Work to be completed —
The full set of entries below needs to be written out exactly.

The input —
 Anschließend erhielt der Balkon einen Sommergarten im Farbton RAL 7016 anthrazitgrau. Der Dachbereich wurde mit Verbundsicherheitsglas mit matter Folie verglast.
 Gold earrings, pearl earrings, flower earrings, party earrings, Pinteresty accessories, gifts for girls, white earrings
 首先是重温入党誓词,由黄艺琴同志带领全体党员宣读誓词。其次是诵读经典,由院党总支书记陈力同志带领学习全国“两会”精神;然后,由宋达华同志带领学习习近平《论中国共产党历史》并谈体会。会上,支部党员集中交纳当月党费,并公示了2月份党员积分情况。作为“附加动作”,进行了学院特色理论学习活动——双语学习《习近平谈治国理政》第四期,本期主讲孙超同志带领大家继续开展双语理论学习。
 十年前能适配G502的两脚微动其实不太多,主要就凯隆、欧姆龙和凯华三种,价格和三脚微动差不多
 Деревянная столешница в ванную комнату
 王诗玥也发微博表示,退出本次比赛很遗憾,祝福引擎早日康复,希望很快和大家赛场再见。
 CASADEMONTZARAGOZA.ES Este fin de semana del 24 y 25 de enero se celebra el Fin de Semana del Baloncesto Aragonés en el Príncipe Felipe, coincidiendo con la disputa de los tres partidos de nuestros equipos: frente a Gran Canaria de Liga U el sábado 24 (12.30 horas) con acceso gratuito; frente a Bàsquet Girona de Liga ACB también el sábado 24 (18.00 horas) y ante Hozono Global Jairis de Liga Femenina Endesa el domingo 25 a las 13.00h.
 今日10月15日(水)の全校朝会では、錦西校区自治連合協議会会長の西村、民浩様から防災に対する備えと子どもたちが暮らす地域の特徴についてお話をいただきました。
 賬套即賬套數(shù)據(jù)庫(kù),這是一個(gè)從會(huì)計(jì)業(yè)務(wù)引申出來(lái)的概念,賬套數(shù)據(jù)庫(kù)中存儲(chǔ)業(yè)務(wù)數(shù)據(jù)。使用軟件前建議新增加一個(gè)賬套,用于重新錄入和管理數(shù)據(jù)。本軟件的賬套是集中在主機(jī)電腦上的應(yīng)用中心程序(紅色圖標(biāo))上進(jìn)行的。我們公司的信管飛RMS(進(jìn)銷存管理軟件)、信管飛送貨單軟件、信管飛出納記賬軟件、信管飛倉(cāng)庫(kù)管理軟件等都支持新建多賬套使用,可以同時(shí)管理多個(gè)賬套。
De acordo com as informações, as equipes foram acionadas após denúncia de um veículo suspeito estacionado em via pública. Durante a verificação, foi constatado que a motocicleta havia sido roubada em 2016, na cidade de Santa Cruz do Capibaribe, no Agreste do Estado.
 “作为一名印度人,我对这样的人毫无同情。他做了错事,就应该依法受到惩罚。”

Result of the task —
 Anschließend erhielt der Balkon einen Sommergarten im Farbton RAL 7016 anthrazitgrau. Der Dachbereich wurde mit Verbundsicherheitsglas mit matter Folie verglast.
 Gold earrings, pearl earrings, flower earrings, party earrings, Pinteresty accessories, gifts for girls, white earrings
 首先是重温入党誓词,由黄艺琴同志带领全体党员宣读誓词。其次是诵读经典,由院党总支书记陈力同志带领学习全国“两会”精神;然后,由宋达华同志带领学习习近平《论中国共产党历史》并谈体会。会上,支部党员集中交纳当月党费,并公示了2月份党员积分情况。作为“附加动作”,进行了学院特色理论学习活动——双语学习《习近平谈治国理政》第四期,本期主讲孙超同志带领大家继续开展双语理论学习。
 十年前能适配G502的两脚微动其实不太多,主要就凯隆、欧姆龙和凯华三种,价格和三脚微动差不多
 Деревянная столешница в ванную комнату
 王诗玥也发微博表示,退出本次比赛很遗憾,祝福引擎早日康复,希望很快和大家赛场再见。
 CASADEMONTZARAGOZA.ES Este fin de semana del 24 y 25 de enero se celebra el Fin de Semana del Baloncesto Aragonés en el Príncipe Felipe, coincidiendo con la disputa de los tres partidos de nuestros equipos: frente a Gran Canaria de Liga U el sábado 24 (12.30 horas) con acceso gratuito; frente a Bàsquet Girona de Liga ACB también el sábado 24 (18.00 horas) y ante Hozono Global Jairis de Liga Femenina Endesa el domingo 25 a las 13.00h.
 今日10月15日(水)の全校朝会では、錦西校区自治連合協議会会長の西村、民浩様から防災に対する備えと子どもたちが暮らす地域の特徴についてお話をいただきました。
 賬套即賬套數(shù)據(jù)庫(kù),這是一個(gè)從會(huì)計(jì)業(yè)務(wù)引申出來(lái)的概念,賬套數(shù)據(jù)庫(kù)中存儲(chǔ)業(yè)務(wù)數(shù)據(jù)。使用軟件前建議新增加一個(gè)賬套,用于重新錄入和管理數(shù)據(jù)。本軟件的賬套是集中在主機(jī)電腦上的應(yīng)用中心程序(紅色圖標(biāo))上進(jìn)行的。我們公司的信管飛RMS(進(jìn)銷存管理軟件)、信管飛送貨單軟件、信管飛出納記賬軟件、信管飛倉(cāng)庫(kù)管理軟件等都支持新建多賬套使用,可以同時(shí)管理多個(gè)賬套。
De acordo com as informações, as equipes foram acionadas após denúncia de um veículo suspeito estacionado em via pública. Durante a verificação, foi constatado que a motocicleta havia sido roubada em 2016, na cidade de Santa Cruz do Capibaribe, no Agreste do Estado.
 “作为一名印度人,我对这样的人毫无同情。他做了错事,就应该依法受到惩罚。”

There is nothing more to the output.